Molotov is a monster, and I betrayed her. She will destroy me if she gets her hands on me. Only a fool would run back crying. I needed help; I needed people in power. There was only one natural choice, and it had not changed the Hero League. They had laws. They had principles. Surely they would not torture me or perform a live autopsy. I will likely go to jail for murder, but it would still be better than going back. Sure, Captain Metal may have been a complete ass, but they were not all like that. I can hope anyway.
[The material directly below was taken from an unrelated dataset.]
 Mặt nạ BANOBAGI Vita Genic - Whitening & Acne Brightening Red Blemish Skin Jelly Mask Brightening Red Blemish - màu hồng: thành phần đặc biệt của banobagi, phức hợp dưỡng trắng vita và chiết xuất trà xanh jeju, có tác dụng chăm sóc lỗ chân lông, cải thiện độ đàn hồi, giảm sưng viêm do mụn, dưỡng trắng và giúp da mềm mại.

My mind calmed, and I sat there gazing out over the streets. The plan had not changed. I would find a phone and call them. Turn myself in. A patrol car drove by, and I was tempted to reveal myself, but I was too scared. Getting shot more was not appealing. Not that mugging somebody was much better. Molotov had planted plentiful doubts in my head, and the visit to my parents backed up a lot of what she was saying. I need some sort of insurance. I had nothing to leverage, though.
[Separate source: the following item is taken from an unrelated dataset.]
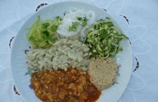zutaten_2sp"> Zutaten für Personen Bild einstellen 40 Gramm Zucchini, Gurke und Rübchen 60 Gramm Tempeh 1 Stk. Frühlingszwiebel frisch, geschnitten 1 EL Öl 20 Gramm Cuscus 50 Gramm Pasta 1 EL Tomatenmark [...]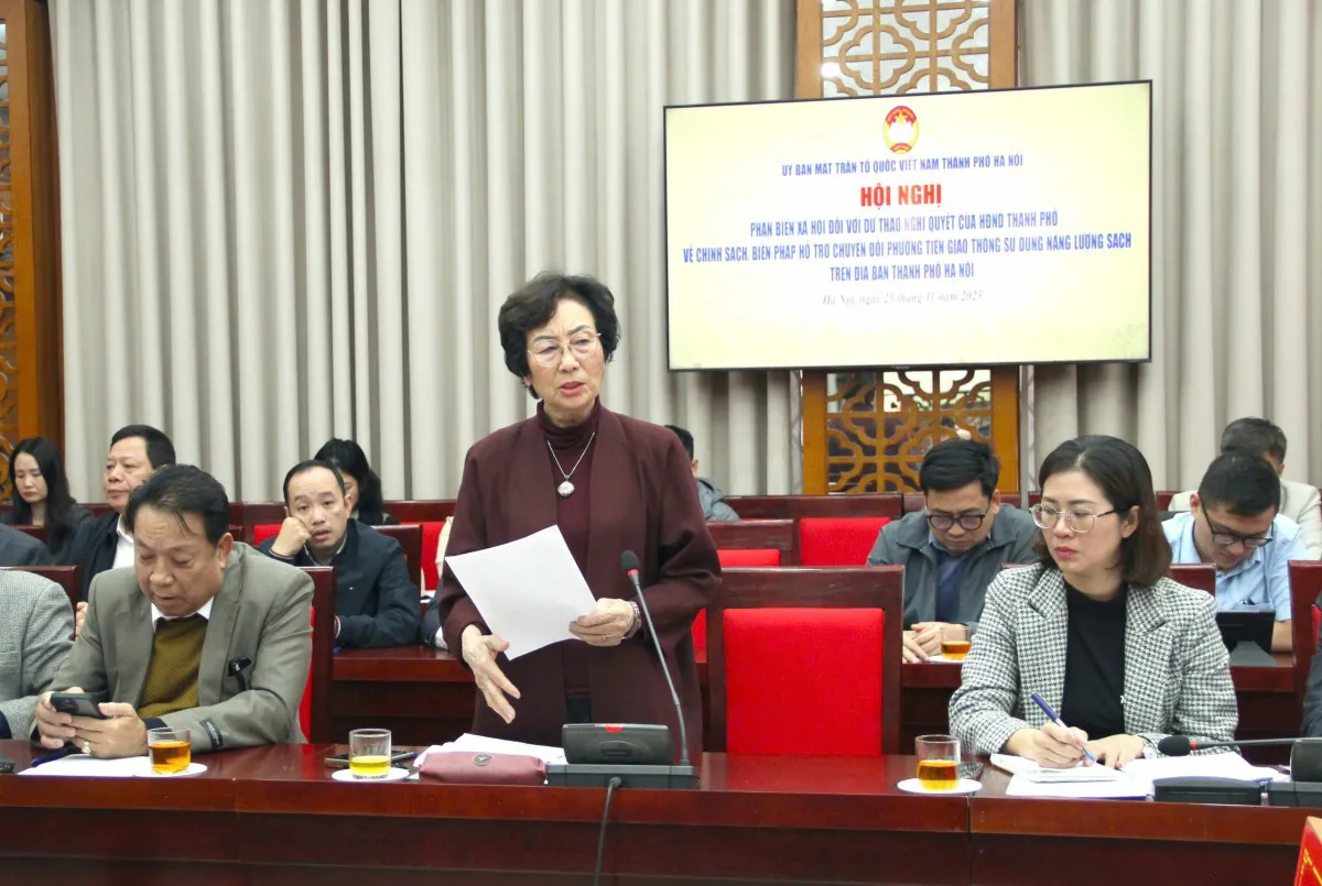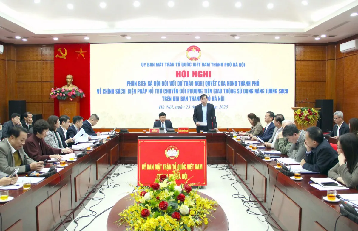 Sáng nay, 25/11, Ủy ban Mặt trận Tổ quốc (MTTQ) Việt Nam TP Hà Nội tổ chức Hội nghị phản biện xã hội đối với dự thảo Nghị quyết của Hội đồng nhân dân (HĐND) TP về chính sách, biện pháp hỗ trợ chuyển đổi phương tiện giao thông sử dụng năng lượng sạch trên địa bàn Hà Nội.

After wrestling with my thoughts for a little bit, I made up my mind. I would show myself to the police and talk it out with them.
If it was just handguns, I had a feeling I could handle it, but if it was a Super... well, I had a bad feeling about that. It was not hard to track down where that patrol car had gone. I followed it. How was I going to get their attention without meeting resistance?
It meandered along the road but then stopped. The police got out and made their way over to an abandoned-looking building. It was all tagged up, like something that a gang would use. The idea that I could just sit in the backseat of the armored patrol car for when they came back was thrown out when I realized how they might react to finding me there.
Cautiously I made my way over and peered into a broken window. They were talking to somebody. There were about ten people in there, as far as I could smell and see. They did not reek of sweat and garbage, so they were not homeless, those bastards. What I did smell were gunpowder and blood. This was not a nice place at all. Voices were rising, and it sounded like some sort of dispute. It was looking bad for the officers. If I saved them, then that would be my ticket in. They would vouch for me. I would hope anyway. Maybe if I did this right, I could even get out of going to jail! I could barely contain myself. Superhero, here I come!